> What you will do: Where a picture occurs in the data, omit it, and copy all remaining data exactly.

------------------------

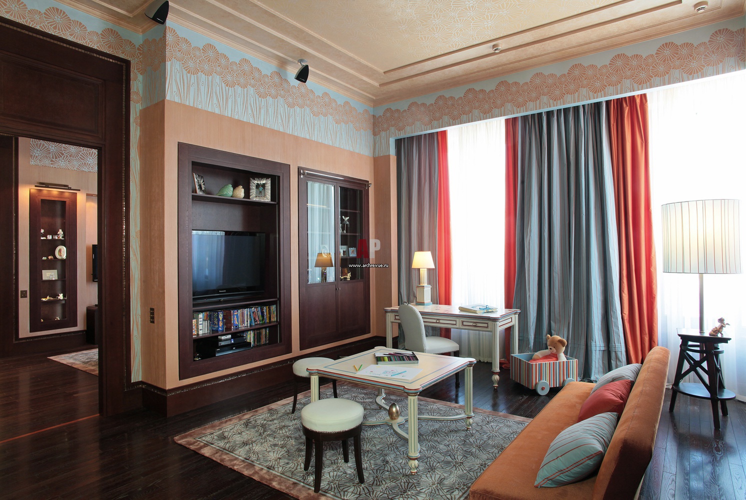 Детская представляет собой блок из четырех комнат: игровой, спальни и ванной с гардеробной. В интерьере тема цветка развивается в росписях и рисунке ковра, цвета при этом инвертированы. Мебель авторская.
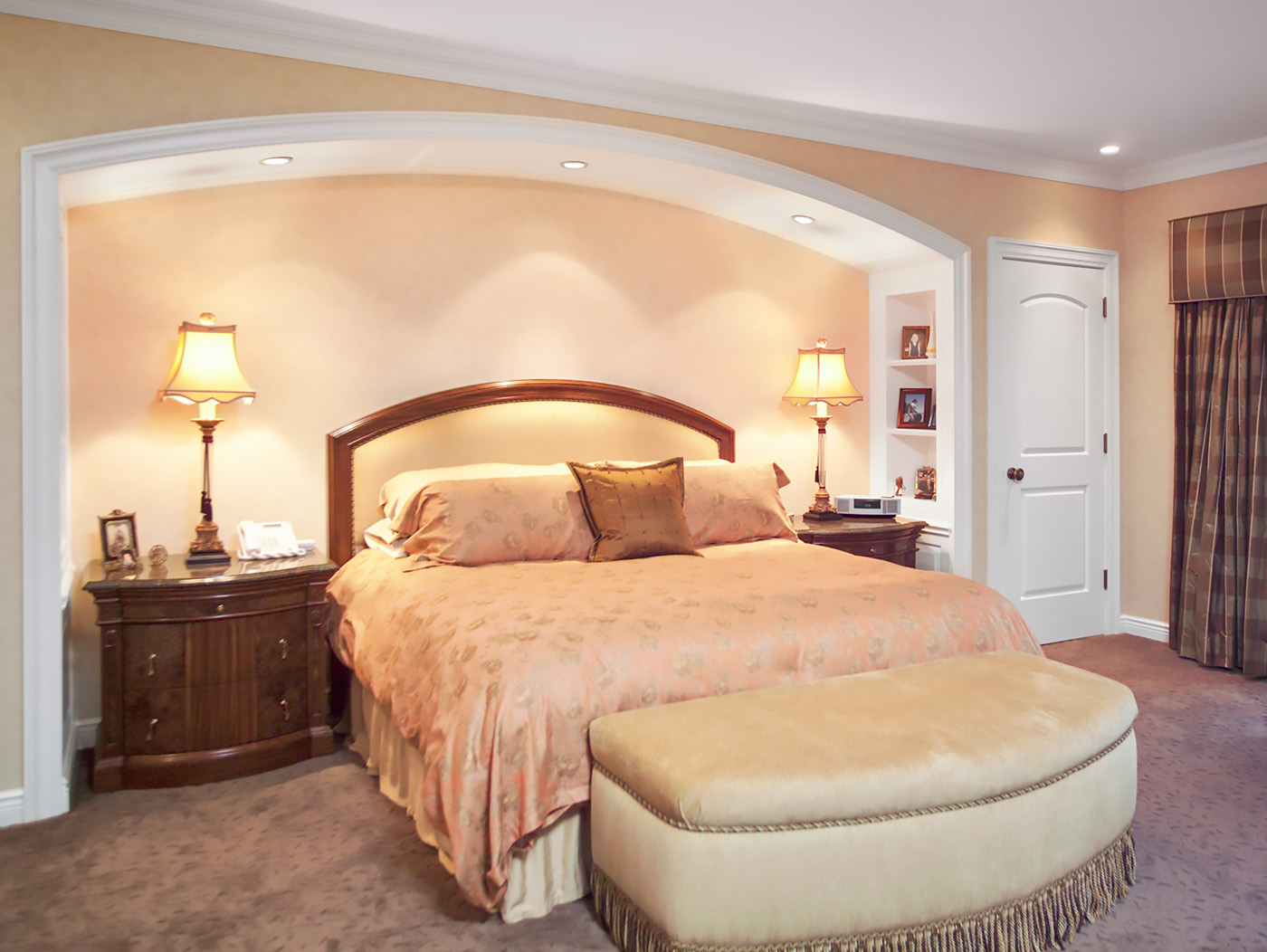 Classic Traditional Bedroom with custom made night tables set in arched alcove with built in shelving across from dresser etegier.
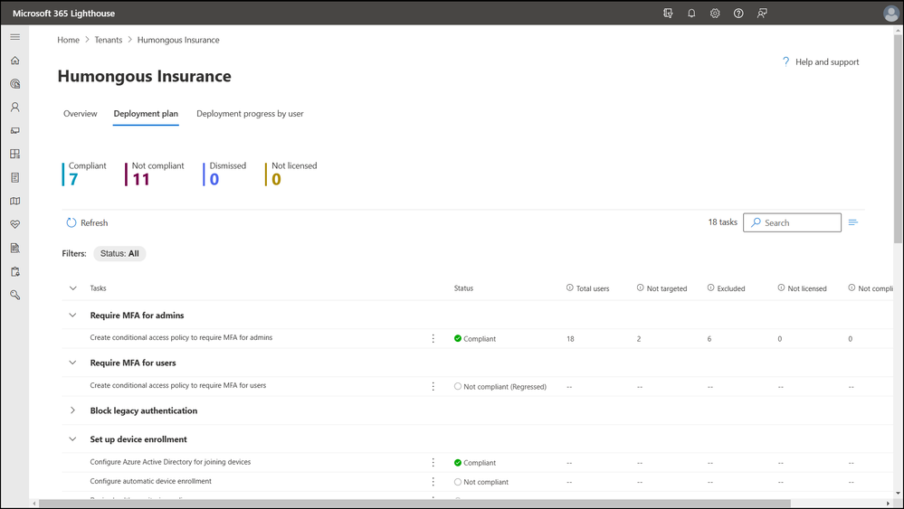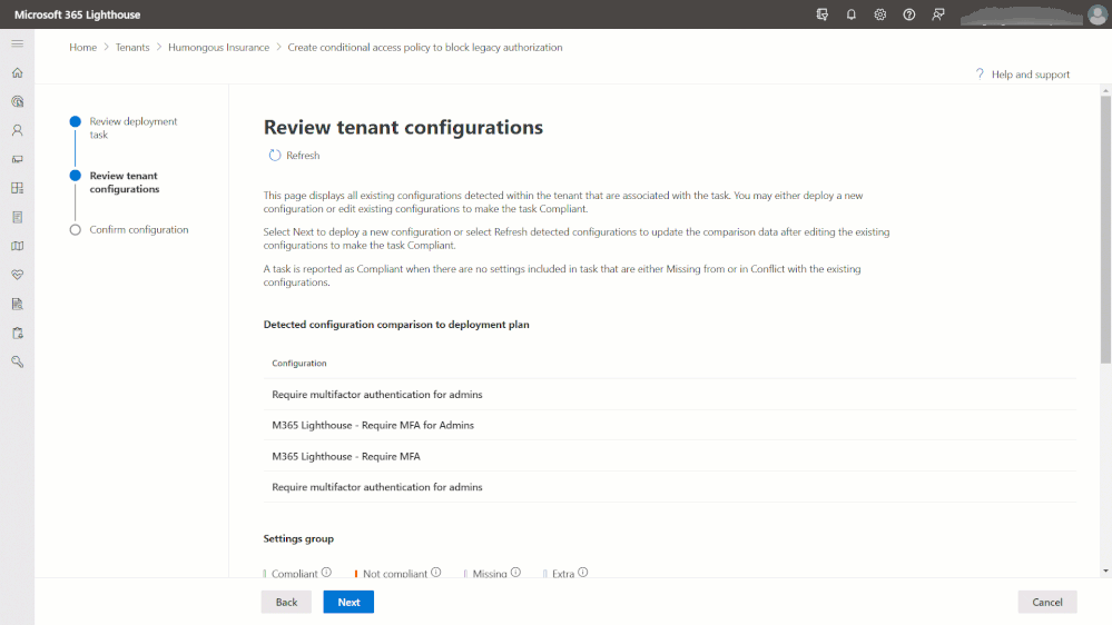 To do this, Lighthouse will detect any intersecting configurations that are already deployed to the tenant and compare them to the deployment plan, showing which settings for which users within which configurations are compliant, not compliant, missing, or extra.
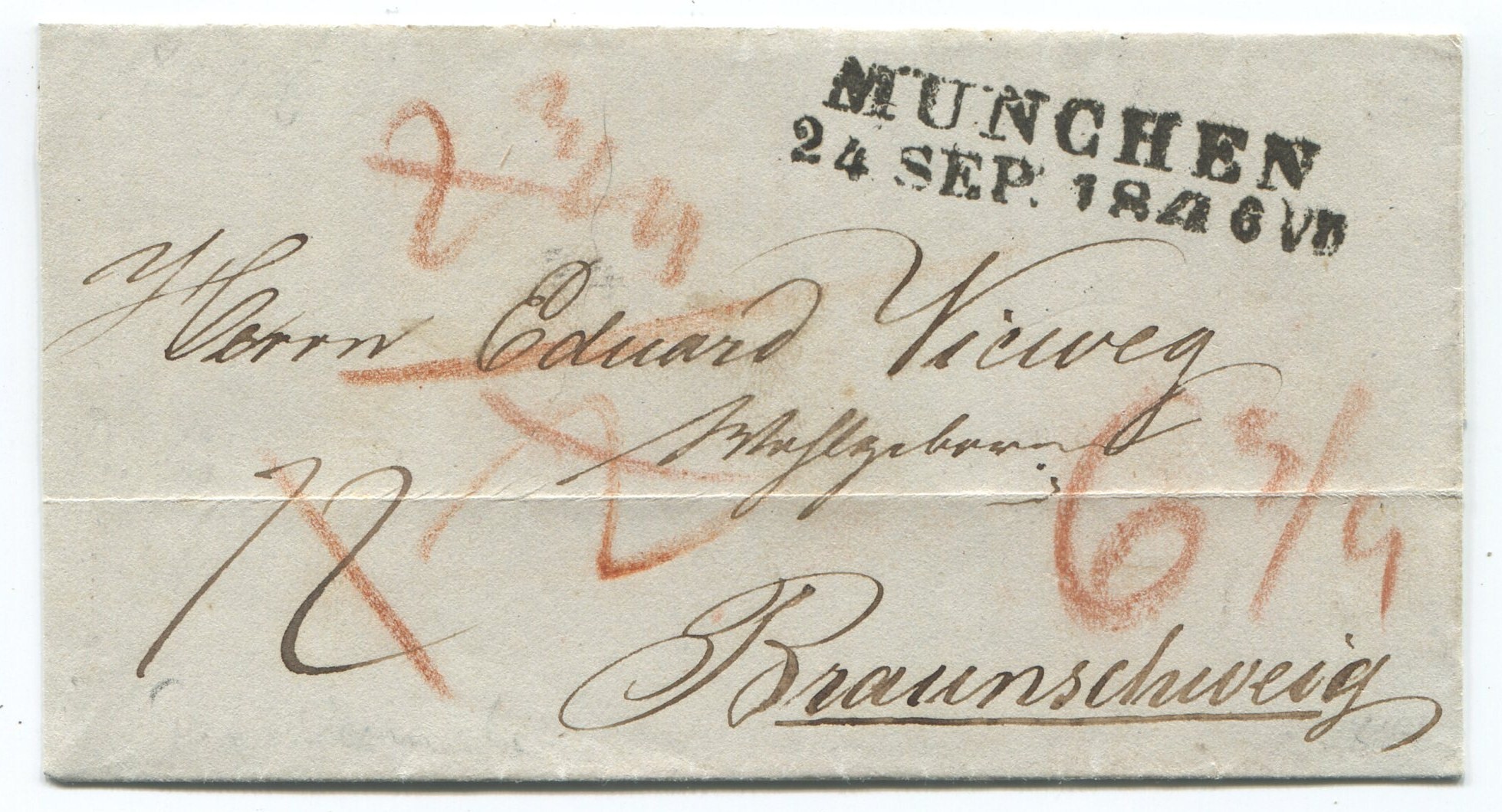Wenn es mit Hannover in einen (preußischen) Topf geworfen worden wäre, dann hätte Preußen eine Transitforderung von 5 Sgr. = 18 Kr. an Bayern gestellt. Die bedeutete aber, dass der Brief vom Absender bis zur braunschweigisch - preußischen Grenze hätte bezahlt sein müssen, was ich nicht erkennen kann.
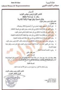 وأشار رئيس مجلس النواب، إلى أن بموجب هذا القرار يلغى تكليف خالد ضو كوكيل هيئة الرقابة الإدارية الذي تم تكليفه من قبل مجلس النواب .‏

------------------------

> Exercise answer:
 Детская представляет собой блок из четырех комнат: игровой, спальни и ванной с гардеробной. В интерьере тема цветка развивается в росписях и рисунке ковра, цвета при этом инвертированы. Мебель авторская.
 Classic Traditional Bedroom with custom made night tables set in arched alcove with built in shelving across from dresser etegier.
 To do this, Lighthouse will detect any intersecting configurations that are already deployed to the tenant and compare them to the deployment plan, showing which settings for which users within which configurations are compliant, not compliant, missing, or extra.
Wenn es mit Hannover in einen (preußischen) Topf geworfen worden wäre, dann hätte Preußen eine Transitforderung von 5 Sgr. = 18 Kr. an Bayern gestellt. Die bedeutete aber, dass der Brief vom Absender bis zur braunschweigisch - preußischen Grenze hätte bezahlt sein müssen, was ich nicht erkennen kann.
 وأشار رئيس مجلس النواب، إلى أن بموجب هذا القرار يلغى تكليف خالد ضو كوكيل هيئة الرقابة الإدارية الذي تم تكليفه من قبل مجلس النواب .‏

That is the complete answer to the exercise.